Source data
▼▼▼

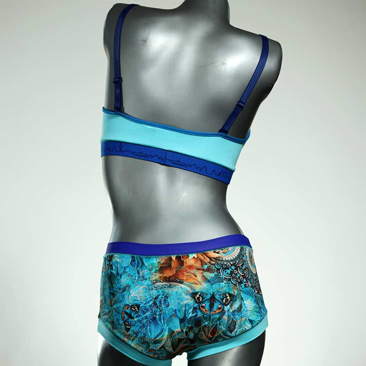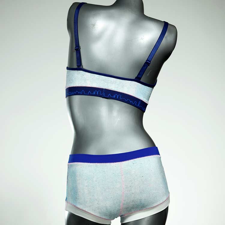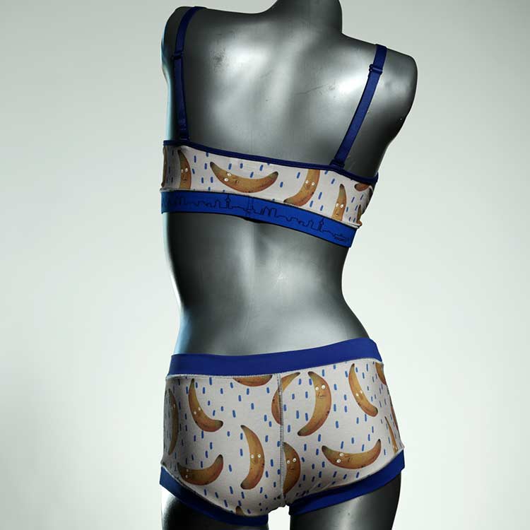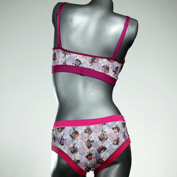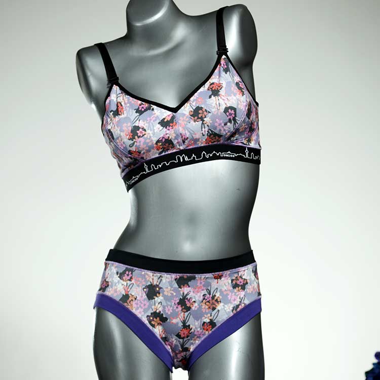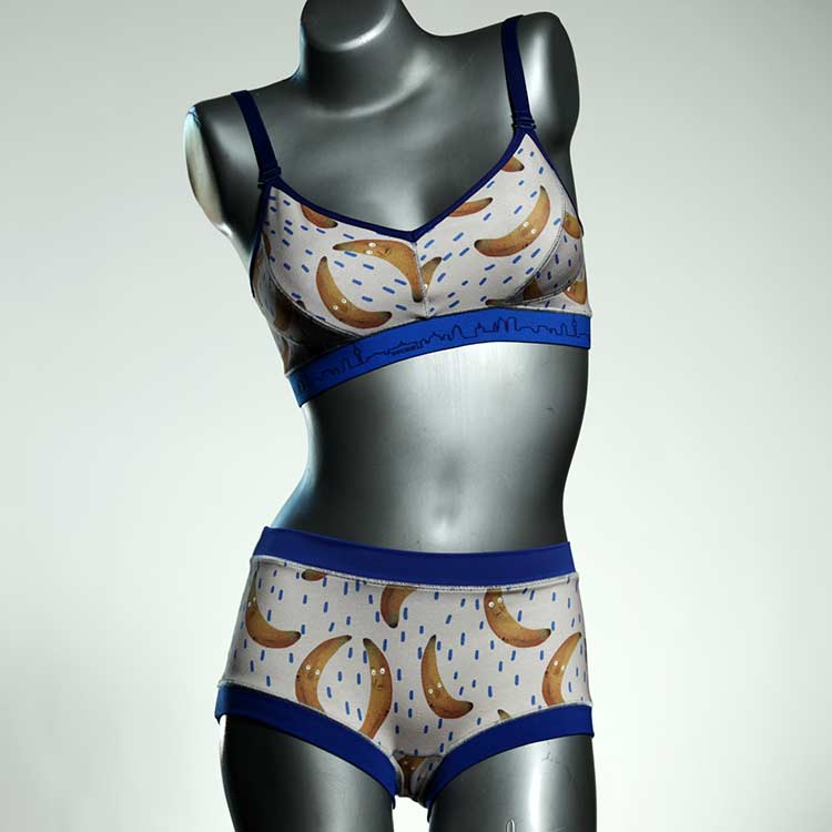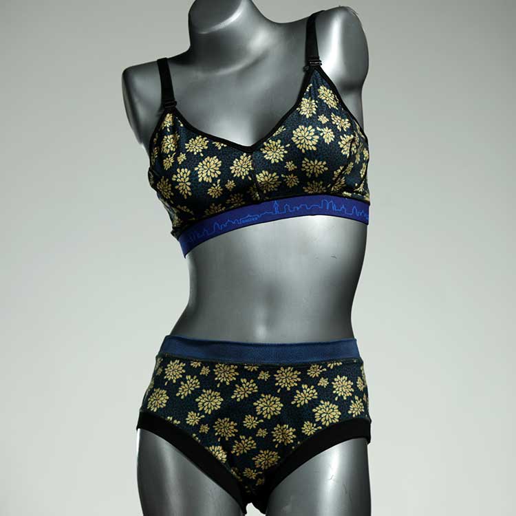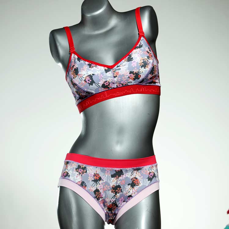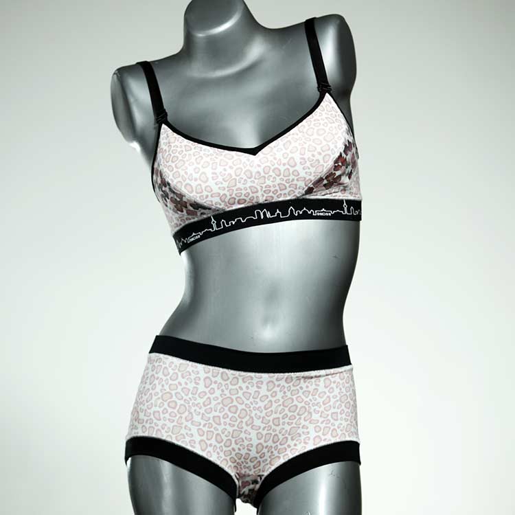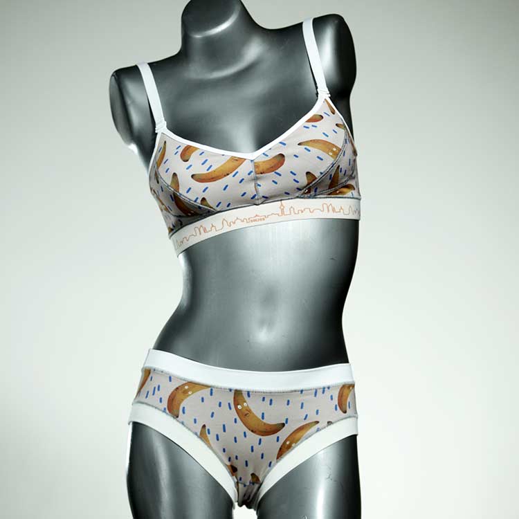 Ensemble unique de soutien-gorge en jersey de coton biologique double épaisseur et respirant avec des bretelles de 16 mm de large et une culotte assortie. Sous-vêtements uniques confortables, équitables et produits de manière durable de notre manufacture. Soutien-gorge sans armature, sans coussin ni fermoir.
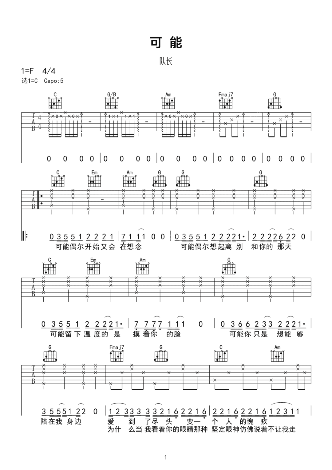 可能吉他谱 - 队长 - C调吉他弹唱谱 - 原版
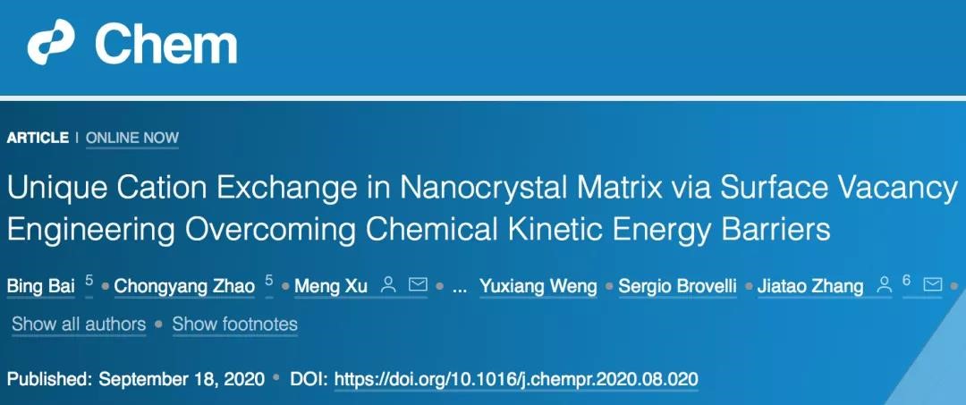 可控掺杂引起的精准能带工程是光电新能源应用的半导体纳米材料关键前提。近日,金年会jinnianhuicom张加涛教授团队利用表面空位成功克服离子交换反应当中的动力学势垒,创新性提出了新的合成方法,在制备双异价离子掺杂半导体纳米晶/量子点的研究中取得重要进展,相关成果以“Unique Cation Exchange in Nanocrystal Matrix via Surface Vacancy Engineering Overcoming Chemical Kinetic Energy Barriers” 为题,于Cell旗舰杂志《Chem》在线发表(IF:19.735)(文章DOI: 10.1016/j.chempr.2020.08.020)。
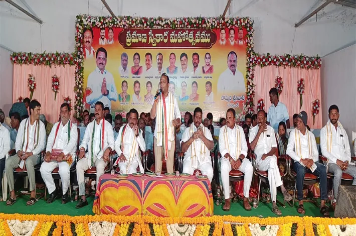 దోమకొండ గ్రామ అభివృద్ధికి అన్ని రకాలుగా నిధులు మంజూరుకు ప్రభుత్వ సలహాదారు షబ్బీర్ అలీ సహకారంతో ముఖ్యమంత్రి రేవంత్ రెడ్డి తో మాట్లాడి పనుల మంజూరుకు కృషి చేస్తామన్నారు. సన్మాన కార్యక్రమంలో జిల్లా గ్రంధాలయ సంస్థల చైర్మన్ మద్ది చంద్రకాంత్ రెడ్డి ,జిల్లా యువజన నాయకులు ఇలియాస్, బీసీసీ కార్యదర్శి బద్దం ఇంద్ర కరణ్ రెడ్డి ,మాజీ జెడ్పిటిసి తీగల తిరుమల గౌడ్ ఆయా మండలాల కాంగ్రెస్ నాయకులు దోమకొండ సర్పంచ్ ఐరన్ నరసయ్య ,ఉపసర్పంచ్ బొమ్మెర శ్రీనివాస్, వార్డు సభ్యులు చేత మండల ఎంపీడీవో ప్రవీణ్ కుమార్ పదవీ ప్రమాణ శ్రీకారం చేయించారు. ఈ కార్యక్రమంలో ఆయా కుల సంఘాల ప్రతినిధులు నాయకులు కార్యకర్తలు తదితరులు పాల్గొన్నారు
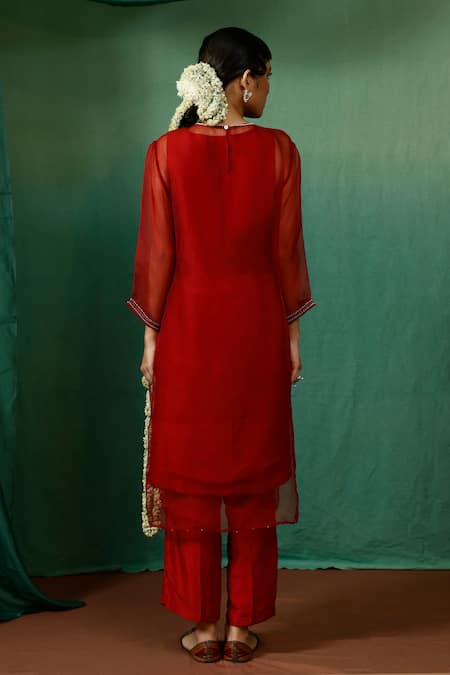 Buy_Chokhi Chorri_Red Inner Slip And Pant Silk Embroidered Sequin Kurta Manini Straight & Set _Online_at_Aza_Fashions
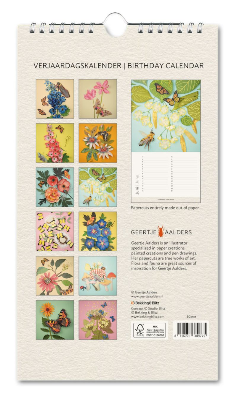 Never forget a birthday, anniversary or other special occasions again with a Bekking and Blitz birthday calendar. Every month features high quality prints of your favourite illustrations or paintings. The calendar features a hook so you can hang it wherever you want.
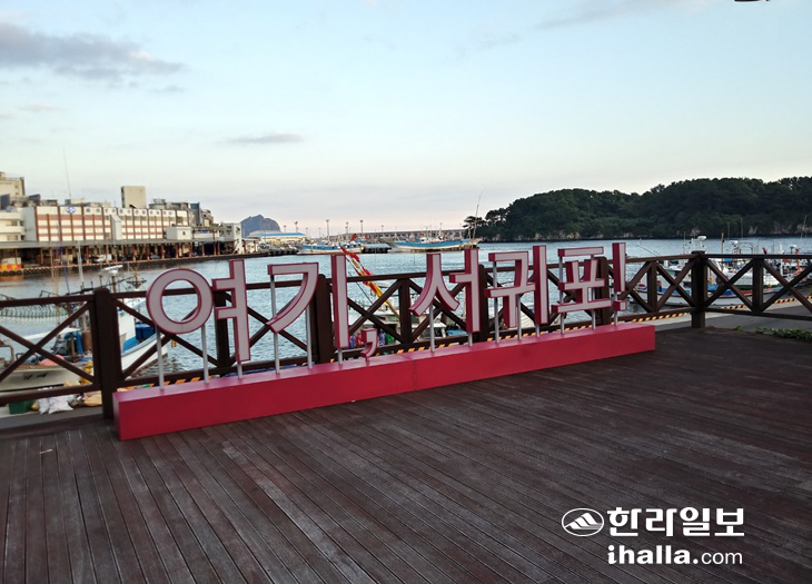 지난해 11월에는 서귀포시에서 제주도의 사용 허가를 받아 '여기, 서귀포!'라는 큼지막한 글자 조형물을 설치했다. 도심 명소를 잇는 도보길로 개발된 '하영올레' 야간 코스 개장에 맞춰 서귀포항과 새섬, 새연교 등을 조망하며 탐방객들이 기념사진을 찍을 수 있도록 하기 위해서다.
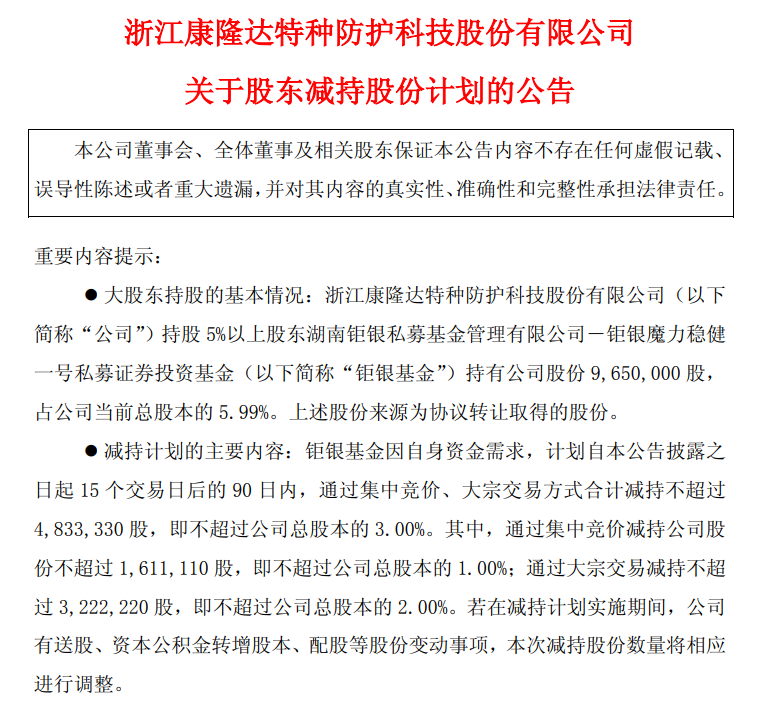10月31日,康隆达(603665.SH)发布公告,钜银基金因自身资金需求,计划自公告披露之日起15个交易日后的90日内,通过集中竞价、大宗交易方式合计减持不超过483.33万股,即不超过公司总股本的3%。
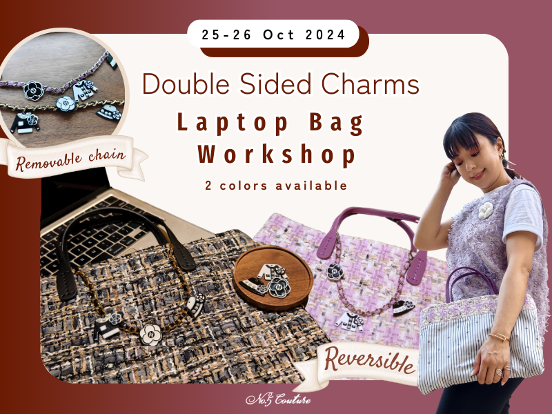 Hand craft your own Laptop Bag with Chanel Logo Fabric and Tweed. Design it with iconic charms and turn it into a most stunning bag that fits your laptop and other items throughout the days
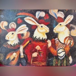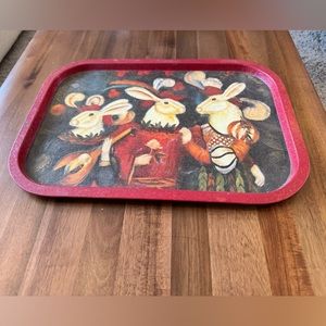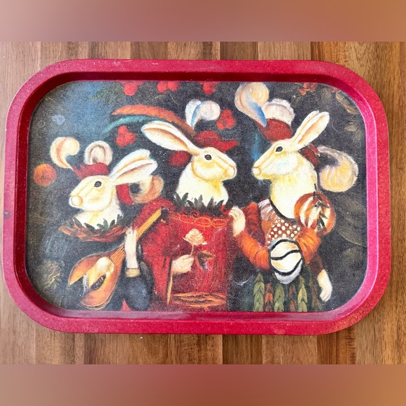 Really cool vintage metal serving tray featuring renaissance rabbits in costume. In great vintage condition with some scratches on edges from wear. Great display piece for Easter or anytime.

▲▲▲

- What is required:
Only the lines from the one containing "지난해 11월에는 서귀포시에서" through the last line of the entries, both included, should be repeated exactly, and the pictures should be left out.

- Response for this exercise:
 지난해 11월에는 서귀포시에서 제주도의 사용 허가를 받아 '여기, 서귀포!'라는 큼지막한 글자 조형물을 설치했다. 도심 명소를 잇는 도보길로 개발된 '하영올레' 야간 코스 개장에 맞춰 서귀포항과 새섬, 새연교 등을 조망하며 탐방객들이 기념사진을 찍을 수 있도록 하기 위해서다.
10月31日,康隆达(603665.SH)发布公告,钜银基金因自身资金需求,计划自公告披露之日起15个交易日后的90日内,通过集中竞价、大宗交易方式合计减持不超过483.33万股,即不超过公司总股本的3%。
 Hand craft your own Laptop Bag with Chanel Logo Fabric and Tweed. Design it with iconic charms and turn it into a most stunning bag that fits your laptop and other items throughout the days
 Really cool vintage metal serving tray featuring renaissance rabbits in costume. In great vintage condition with some scratches on edges from wear. Great display piece for Easter or anytime.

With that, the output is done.